Яковлев-младший — президент всего, что связано с понятием «Коммерсантъ». Невообразимая величина!

Но когда-то и он трудился в «Огоньке». Потом, задумав новое дело, каким-то образом пересекся в 88-м или в 89-м году с моим старшим сыном, вместе они выпустили пробный номер «Коммерсанта». Для моего — этот пробный номер так и остался единственным, первым и последним в его жизни крупным журналистским мероприятием, а для сына Егора Яковлева, тоже Владимира, он был всего лишь удачным началом в головокружительной карьере. Я помню, как еще в те годы, наблюдая за сыном, Егор сказал мне: «Я боюсь за него. Он удачлив, деньги у него просто вываливаются из карманов».

Но, судя по всему, страхи оказались напрасными.

Я набрал номер мобильного телефона Яковлева. Кто-то, кто носит для них телефонные трубки, ответил мне и поинтересовался — кто беспокоит и зачем. Я назвал себя. И напомнил — чтобы не получить отказа, как в случае с Боровиком — о первом, пробном, номере «Коммерсанта». Может, свяжет воедино меня с моим сыном, вспомнит?

Через пять минут раздался ответный телефонный звонок, и Яковлев сказал мне: «Здравствуйте, Владимир Владимирович!»

Я поблагодарил его, сообщил, что у меня есть кое-какие предложения и попросил принять меня.

— А вы не могли бы сказать, в чем дело? — все так же, вежливо, почти с нежностью в голосе, но настойчиво спросил он меня.

— Это не телефонный разговор.
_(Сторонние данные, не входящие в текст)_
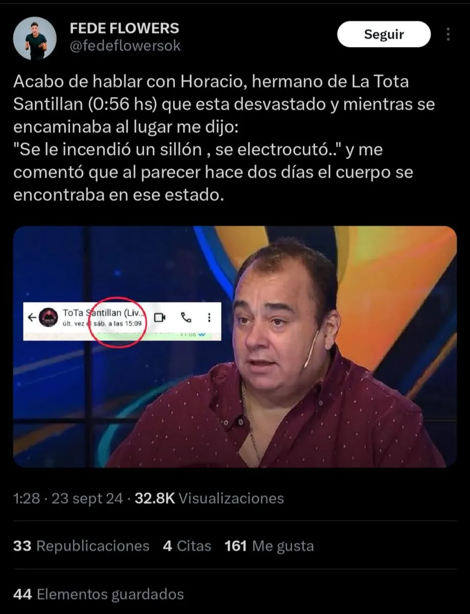 El periodista de espectáculo Fede Flowers compartió una conversación con Horacio, hermano de La Tota, quien expresó estar devastado y mencionó que “se le incendió un sillón y se electrocutó”.

Речь идет о проекте нового журнала.

— О, мы никаких новых проектов начинать не предполагаем. Конечно, я могу вас выслушать, но предупреждаю: на девяносто процентов вас ждет отрицательный ответ.

Я согласился на оставленные мне десять процентов.

Понимая бессмысленность поездки, я все-таки отправился на улицу Врубеля, у Сокола, нашел четырехэтажный роскошный особняк, взялся за ручку массивной двери — в виде вытянутой сверкающей бронзовой руки, этакого перла безвкусицы, потянул ее на себя и вошел в холл.

Внутри — так же добротно, как и снаружи. Охранники, не менее пяти человек, преградили мне дорогу, четверо навстречу, один остался за компьютером. Долго с удивлением разглядывали меня, не веря, что я пришел к самому Яковлеву. Сверялись с компьютером — все точно, пропуск заказан к «самому». Но что же ты, спросили меня, за сорок пять минут приперся? А что делать? Я не рассчитал. Так трамвай привез. Не на улице же мерзнуть! На дворе зима. Предложил: давайте я тут подожду, посижу где-нибудь. Но у дверей и стула не было. Пришлось одному охраннику подниматься со мною наверх, провожать меня до кабинета Яковлева. Вот тут, кивнул он мне на кожаный диван, сиди и жди.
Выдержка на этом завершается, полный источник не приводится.